Turf warrage is death. NEC FUTURE is all about the FRA erecting walls to keep the states out of its sandbox, even when that comes at price of watering down the demand with CBD keep-away games. Shit...NEC FUTURE undercuts and contradicts Amtrak's own Infrastructure Improvements Master Plan document co-signed with all the states. "I...me...mine" apparently draws no distinction between the states and the National Passenger Railroad Corp. itself as far as marking territory is concerned.
I'm asking because I struggle with these questions myself. Let's face it; as painful as the current NEC service is the point is we have a functional railway alignment that pretty much links all of the Northeast Corridor CBD's that is reasonably fast enough that someone can do business in NYC (originating from BOS or DC) for the day using the Acela. I don't ever foresee a future in which where trips BOS to DC will be viable vis-a-vis air travel and frankly that is not an objective worth achieving. If we look at the NEC as two distinct segments- NYP-BOS and NYP-DC- then those two segments could stand to be drastically improved but even as is they are technically workable in their current form.
Exactly. And it's a bunk argument that "first-world HSR" would find a problem with any of that. It goes where the people need to go. That is the single most functional part of it. Nobody would throw that away. The deplorable state-of-repair needs to be dealt with, full due diligence needs to be applied on performance enhancements where they're reliably achievable.

But no one worldwide would chuck the alignment or the basic layer cake of services in the trash because they're geometrically less-than-perfect or don't set the land speed record. HSR lines get built or upgraded to serve demand. No country would ever thumb its nose at a single alignment that hits a CBD string of pearls like this and conclude "we better start forking and bypassing so we can set a land speed record, and move some real estate in the process". The ones that do bypass and augment...do so only after they built the bestest trunk they can on the highest-demand alignment.

To the Euros, who have a very fragmented continental rail system to string together...they look at the NEC and say, "Oh, America...you don't even know how good you have it on the NEC. If only you'd focus on the right things."
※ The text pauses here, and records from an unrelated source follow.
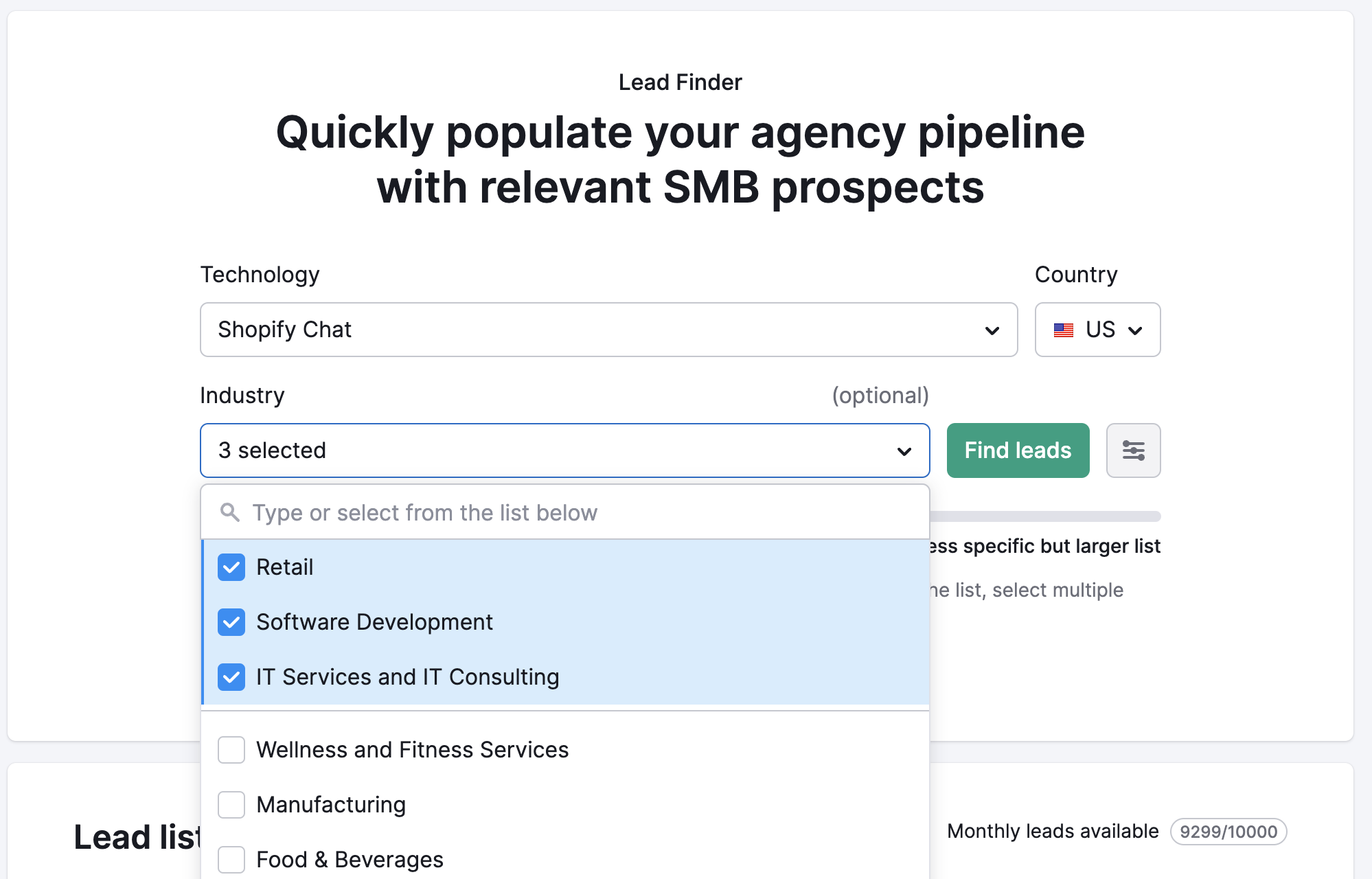 Lead Finder helps digital agencies and marketers quickly find relevant business leads based on their location and the web technologies those leads use.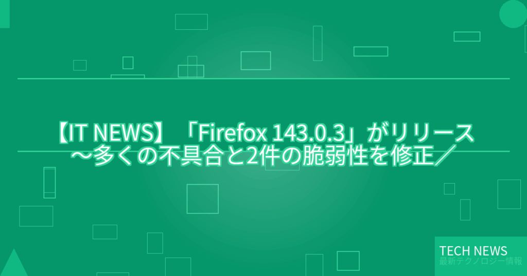 【IT NEWS】「Firefox 143.0.3」がリリース ~多くの不具合と2件の脆弱性を修正/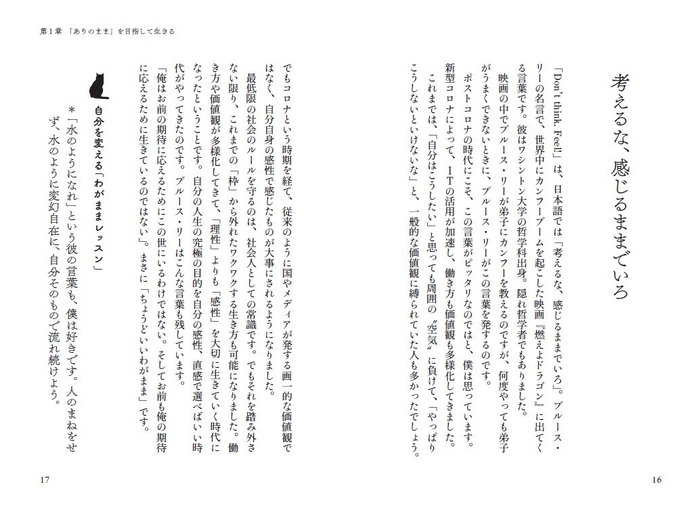 でも、「適度」というのが難しい……。そこでこの本では、「適度」の幅を徐々に広げて考えていきたいのです。僕自身、こぢんまりとしたわがままではなく、いつかは同調圧力からはみ出し、「打たれにくい出る杭」になろうと言い聞かせ続けてきました。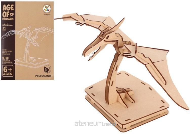 Zestaw składa się z 31 drewnianych elementów, które łączy się bez użycia kleju czy narzędzi. Każda część została precyzyjnie wycięta laserowo, co zapewnia doskonałe dopasowanie i trwałość konstrukcji. Gotowy pterozaur wyróżnia się efektownym rozpięciem skrzydeł i naturalnym wyglądem drewna, dzięki czemu stanowi nie tylko zabawkę, ale i dekoracyjny model edukacyjny.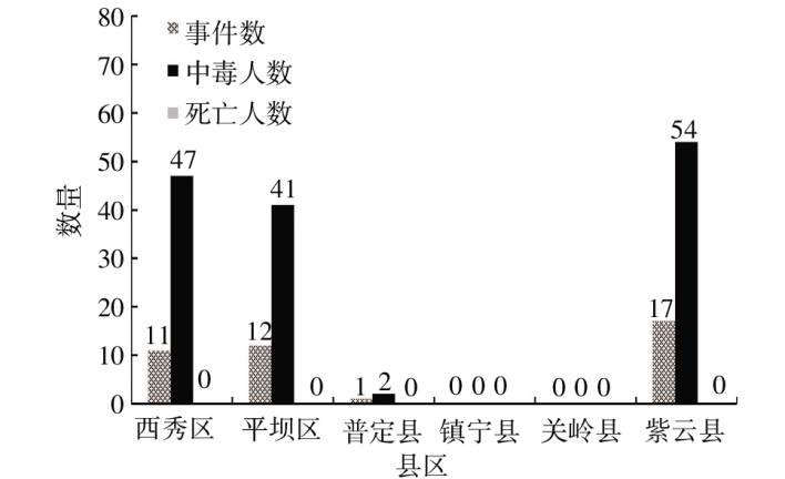 Objective To understand the distribution of common poisonous mushrooms in Anshun City,analyze the epidemiological characteristics,geographically relevant distribution and poisoning risk factors of local poisonous mushroom poisoning events,and provide scientific preventive and control measures for poisonous mushroom poisoning. Methods Conduct a resource-based survey to understand the distribution of common poisonous mushrooms in Anshun City. Using descriptive epideiology to analyze the epidemiological characteristics of mushroom poisoning incidents in Anshun City from 2019 to 2023,and conducting field research on the risk factors of mushroom poisoning. Results The results of the resource survey showed that four species of lethal and highly toxic mushrooms were identified in Anshun City by the Chinese Center for Disease Control and Prevention:reddish gooseberry,fleshy brown scaly ringstalker,poisonous ringstalker,and sub-scarce pleated red mushroom.A total of 41 cases of poisonous mushroom poisoning were reported in Anshun from 2019 to 2023,with 181 exposed individuals and 144 patients,and an illness rate of 79.56%.Poisoning incidents were concentrated from May to November,accounting for 25% of the total number of foodborne disease incidents. Exposure places were mainly families,accounting for 95.12%(χ2=24.611,P<0.01),and the incidence rate in rural areas was higher than that in cities.The age of onset of poisoning was mainly ≥21 years old,accounting for 75.69%.There were significant differences in mushroom poisoning incidents among different counties and districts(χ2=40.938,P<0.01). Conclusion Mushroom poisoning is one of the main causes of the food poisoning events in Anshun City. Special food safety and health education on poisonous mushrooms should be carried out in areas,places,and high incidence seasons where poisonous mushroom poisoning occurs,in order to improve public health awareness and the ability of grassroots medical institutions to treat poisonous mushroom poisoning,thereby reducing the occurrence of poisonous mushroom poisoning incidents.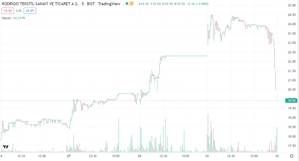 Son günlerin iniş ve çıkışlarıyla gündemde olan hissesi Rodrigo Tekstil iki günde yaklaşık %20 değer kaybetti. Borsa İstanbul'un yapmış olduğu açıklamada VBTS kapsamında 30 gü...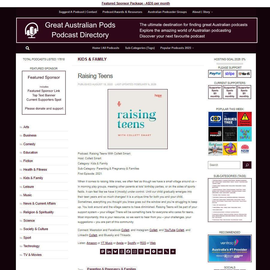 Great Australian Pods Podcast Directory: https://www.greataustralianpods.com/raising-teens/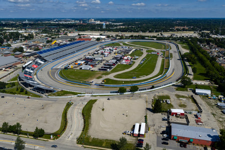 Aerial view of The Milwaukee Mile, the world’s oldest operating speedway, showcasing its iconic oval track, grandstands, and infield road course nestled in suburban Wisconsin.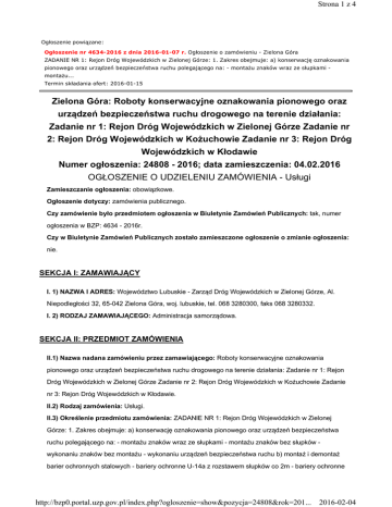 Strona 1 z 4 Ogłoszenie powiązane: Ogłoszenie nr 4634-2016 z dnia 2016-01-07 r. Ogłoszenie o zamówieniu - Zielona Góra ZADANIE NR 1: Rejon Dróg Wojewódzkich w Zielonej Górze: 1. Zakres obejmuje: a) konserwację oznakowania pionowego oraz urządzeń bezpieczeństwa ruchu polegającego na: - montażu znaków wraz ze słupkami montażu... Termin składania ofert: 2016-01-15 Zielona Góra: Roboty konserwacyjne oznakowania pionowego oraz urządzeń bezpieczeństwa ruchu drogowego na terenie działania: Zadanie nr 1: Rejon Dróg Wojewódzkich w Zielonej Górze Zadanie nr 2: Rejon Dróg Wojewódzkich w Kożuchowie Zadanie nr 3: Rejon Dróg Wojewódzkich w Kłodawie Numer ogłoszenia: 24808 - 2016; data zamieszczenia: 04.02.2016 OGŁOSZENIE O UDZIELENIU ZAMÓWIENIA - Usługi Zamieszczanie ogłoszenia: obowiązkowe. Ogłoszenie dotyczy: zamówienia publicznego. Czy zamówienie było przedmiotem ogłoszenia w Biuletynie Zamówień Publicznych: tak, numer ogłoszenia w BZP: 4634 - 2016r. Czy w Biuletynie Zamówień Publicznych zostało zamieszczone ogłoszenie o zmianie ogłoszenia: nie. SEKCJA I: ZAMAWIAJĄCY I. 1) NAZWA I ADRES: Województwo Lubuskie - Zarząd Dróg Wojewódzkich w Zielonej Górze, Al. Niepodległości 32, 65-042 Zielona Góra, woj. lubuskie, tel. 068 3280300, faks 068 3280332. I. 2) RODZAJ ZAMAWIAJĄCEGO: Administracja samorządowa. SEKCJA II: PRZEDMIOT ZAMÓWIENIA II.1) Nazwa nadana zamówieniu przez zamawiającego: Roboty konserwacyjne oznakowania pionowego oraz urządzeń bezpieczeństwa ruchu drogowego na terenie działania: Zadanie nr 1: Rejon Dróg Wojewódzkich w Zielonej Górze Zadanie nr 2: Rejon Dróg Wojewódzkich w Kożuchowie Zadanie nr 3: Rejon Dróg Wojewódzkich w Kłodawie. II.2) Rodzaj zamówienia: Usługi. II.3) Określenie przedmiotu zamówienia: ZADANIE NR 1: Rejon Dróg Wojewódzkich w Zielonej Górze: 1. Zakres obejmuje: a) konserwację oznakowania pionowego oraz urządzeń bezpieczeństwa ruchu polegającego na: - montażu znaków wraz ze słupkami - montażu znaków bez słupków wykonaniu znaków bez montażu - wykonaniu urządzeń bezpieczeństwa ruchu b) montaż i demontaż barier ochronnych stalowych - bariery ochronne U-14a z rozstawem słupków co 2m - bariery ochronne http://bzp0.portal.uzp.gov.pl/index.php?ogloszenie=show&pozycja=24808&rok=201... 2016-02-04 Strona 2 z 4 U-14a z rozstawem słupków co 4m - montaż zakończeń barier - montaż słupków, wsporników, prowadnic - montaż punktowych elementów odblaskowych U-1c 2. Usługi objęte zamówieniem: 1) oznakowania pionowego i urządzeń bezpieczeństwa ruchu drogowego będą realizowane w zależności od potrzeb: a) w sytuacjach zagrażających bezpieczeństwu ruchu drogowego, maksymalny czas na przystąpienie do realizacji czy zabezpieczenia terenu będzie wynosił..godziny od chwili przyjęcia zlecenia pisemnego/ telefonicznego*, poczty elektronicznej, w tym czasie należy między innymi wykonać tymczasowe oznakowanie i zabezpieczenie miejsca robót . b) w pozostałych sytuacjach - zamówienie wg potrzeb - każdorazowo zostanie określany czas realizacji od chwili przyjęcia zlecenia pisemnego przy użyciu faksu, poczty elektronicznej. 2) bariery drogowe stalowe - Usługi objęte zamówieniem będą realizowane przez Wykonawcę w różnych okresach w zależności od potrzeb: a) w sytuacjach zagrażających bezpieczeństwu ruchu drogowego, maksymalny czas na przystąpienie do realizacji i zabezpieczenia terenu będzie wynosił..godziny (zgodnie z ofertą Wykonawcy) od chwili przyjęcia zlecenia pisemnego przy użyciu faksu/ telefonicznego*, poczty elektronicznej, w tym czasie należy miedzy innymi wykonać tymczasowe oznakowanie i zabezpieczenie miejsca usług. b) w pozostałych sytuacjach - każdorazowo zostanie określany czas realizacji od chwili przyjęcia zlecenia przy użyciu faksu, poczty elektronicznej. * zlecenia telefoniczne będą miały zastosowanie tylko w dni wolne od pracy i świąteczne oraz poza godzinami urzędowania RDW Zielona Góra, zlecenia telefoniczne będą potwierdzane pisemnie następnego dnia roboczego. 3. Zlecenie, o którym mowa w pkt 2.1 a) i b) oraz 2.2 a) i b) będące podstawą do realizacji usług, będzie zawierać: zakres prac, ich szczegółową lokalizację oraz termin wykonania. ZADANIE NR 2: Rejon Dróg Wojewódzkich w Kożuchowie: 1. Zakres przedmiotu zamówienia obejmuje konserwację oznakowania pionowego oraz urządzeń bezpieczeństwa ruchu polegającego na: - montażu znaków wraz ze słupkami, - montażu znaków bez słupków, wykonaniu znaków i pozostałych elementów oznakowania bez montażu, - wykonaniu usługi montażu, demontażu i pozostałych prac, - wykonaniu urządzeń bezpieczeństwa ruchu - barier ochronnych i ich elementów. 2. Usługi będą realizowane przez Wykonawcę w różnych okresach w zależności od potrzeb: 1) w sytuacjach zagrażających bezpieczeństwu ruchu drogowego, maksymalny czas na przystąpienie do realizacji i zabezpieczenia terenu będzie wynosił..godziny (zgodnie z ofertą wykonawcy) od chwili przyjęcia zlecenia przy użyciu faksu/ telefonicznego*, poczty elektronicznej, przed przystąpieniem do realizacji należy wykonać tymczasowe oznakowanie i zabezpieczenie miejsca robót. 2) w pozostałych sytuacjach - każdorazowo zostanie określany czas realizacji od chwili przyjęcia zlecenia pisemnego przy użyciu faksu, poczty elektronicznej. * zlecenia telefoniczne będą miały zastosowanie tylko w dni wolne od pracy i świąteczne oraz poza godzinami urzędowania RDW Kożuchów, zlecenia telefoniczne będą potwierdzane pisemnie następnego dnia roboczego. 3. Zlecenie, o którym mowa w pkt 2.1) i 2.2), będące podstawą do realizacji usług, będzie zawierać: zakres prac, ich szczegółową lokalizację oraz termin wykonania. ZADANIE NR 3: Rejon Dróg Wojewódzkich w Kłodawie: 1. Przedmiotem zamówienia jest wykonanie konserwacji oznakowania pionowego oraz urządzeń bezpieczeństwa ruchu droga

So with all that in mind I often find myself asking, "is the NEC at full SGR really all we need considering all of the costs- not just monetary but the either-or decisions on routing that need to be made- associated with the alternatives." Is that a shortsighted perspective? Is our future in peril if we can't get from BOS to NYP in about 90 minutes or is slightly under 3 hours good enough? I lean towards the latter and wonder how much we should be killing ourselves to try to achieve the former.
I think the NEC at full and total SGR + capacity enhancement within the existing footprint is probably 90% of the goal. This obsession with raw speed and perfect straightness is pointless when there's no more perfect alignment D.C. to New Haven for hitting all the demand wells. Honestly, there is probably no major realignment whatsoever south of NYC worth considering at all save for these:

  • The Gunpowder and Bush River bypasses along the CSX freight ROW. But as an SGR project that retires the two very expensive spans for a few miles of 4 passenger + 1-2 grade separated freight track 'super' ROW avoiding the river mouths.
  • *Maybe* the Philly Airport bypass. Not because of the Airport stop, but because sidestepping 10 SEPTA local stops and the junction with the Doylestown Line opens up lots of service increases for Regional Rail on 2 largely intra-city serving lines.
One an SGR project, one a commuter rail enhancement project. Otherwise simply tightening the bolts between CBD's accomplishes all goals. Including making the NEC convenience-competitive on a large scale with short-haul air travel. Convenience, not stopwatch. The first CBD that has to get bypassed in the name of raw speed is a setback for that convenience argument.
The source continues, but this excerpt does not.